Judea Pearl's The Book Of Why gives you more practical and easy to understand examples, I recommend that.
It's pretty simple. You cannot infer casualty from observational data. No matter how sophisticated your statistical tools are.

You need to perform a properly controlled experiments to infer casualty. And even then it's hard.

Inferring casualty from observational data is cargo cult science.

TL;DR: Causal inference is a complex topic, not a simple tool.

How's the ice cream example better than the sugary snacks example given in the article?

Here's the part about needing to add more columns to the data:

> When dealing with a causal question, it’s crucial to include variables known as confounders. These are variables that can influence both the treatment and the outcome. By including confounding variables, we can better isolate and estimate the true causal effect of the treatment. Failing to add or account for confounding variables may lead to incorrect estimates.

> How's the ice cream example better than the sugary snacks example given in the article?

Not the OP, but because that fails to explain how the basic hypothetical example works(!)

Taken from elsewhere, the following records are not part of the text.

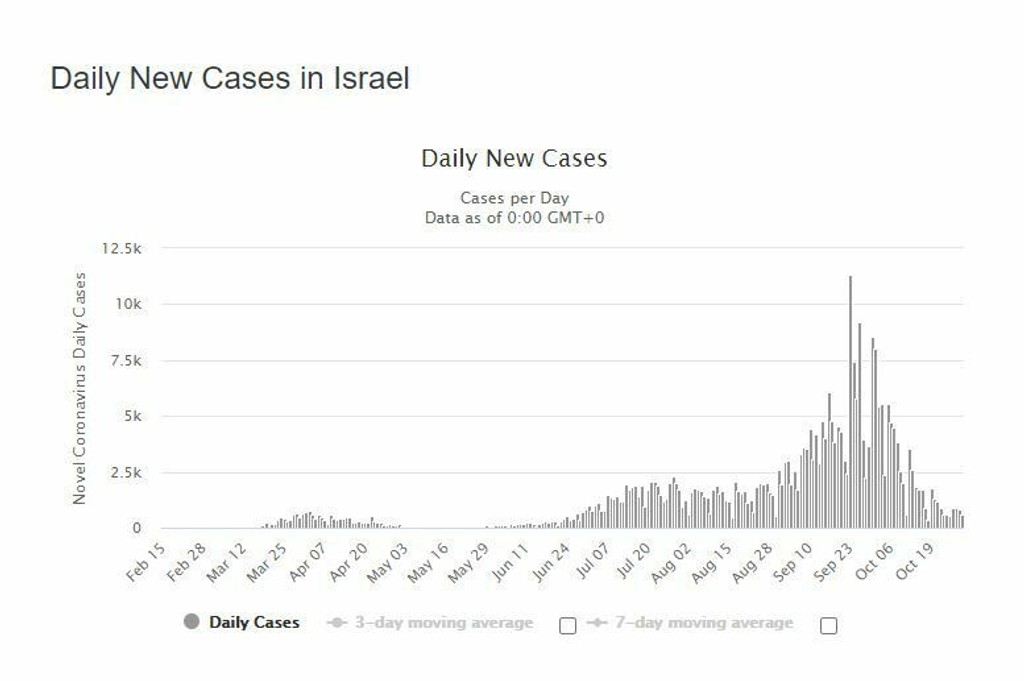 Situácia v Izraeli sa začala postupne zhoršovať v septembri, kedy denný prírastok pozitívne testovaných prekonal trojtisícovú hranicu. Denný rekord v počte nakazených evidoval Izrael 23. septembra. V tento deň pribudlo až 11 316 nových prípadov.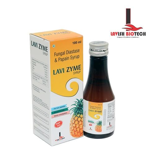 Lavi Zyme contains two digestive enzymes, namely fungal diastase and pepsin. Fungal diastase is a starch-hydrolyzing enzyme that breaks down complex carbohydrates (polysaccharides, i.e. starch) into simple carbohydrates (monosaccharides, i.e. simple sugar). Promotes digestion in chronic diseases, abdominal fullness, flatulence and indigestion. On the other hand, pepsin is a protein-digesting enzyme that helps break down larger protein molecules into smaller protein units (amino acids). Fungal Diastase and Pepsin Syrup therefore treat indigestion and stomach problems together.
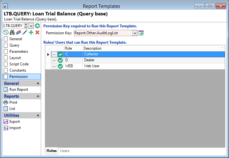 Select a permission key to use if you want to allow Users to run this Report Template.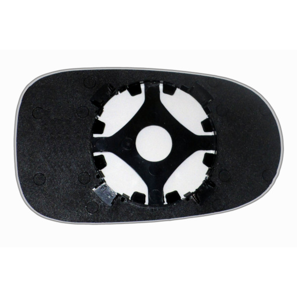 Змінний елемент автодзеркала асферичної форми, яка встановлюється в корпус дзеркала. Завдяки спеціальній випуклій геометрії поверхні водій отримує розширений кут огляду та ефективний контроль за ситуацією на дорозі в сліпих зонах. На світлині елемент дзеркала зі зворотної сторони.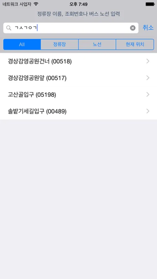 4. 등록된 버스, 정류장 중 현재 위치와 가까운 항목만 볼 수 있습니다.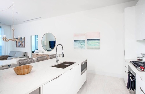 The open concept kitchen/living area reflects the beautiful tropical island, beach vibe. It has a large TV with reclaimed wood look. On the adjacent, private balcony, there is a cute teak wood high table and chairs, perfect for enjoying happy hour cocktails, or a cup of coffee as the sun rises and sets. The large comfy, yet modern sofa is perfect for hosting.

You want to know how much your sales would be in a parallel world where kids were stuck with bland snacks compared to your sweet treats. This is where causal inference steps in to provide the solution. (nice graph follows)

So how is that done?

> TL;DR: Causal inference is a complex topic, not a simple tool.

The simple version using graphical models and joint probabilities isn't difficult to explain or teach. The issue is that to do anything useful with it at scale you either need MCMC or variational inference and that's an entirely different bag of worms all together. For medical datasets you rarely have "scale", instead you have very few sample cases and a large expert model (the doctor/specialist).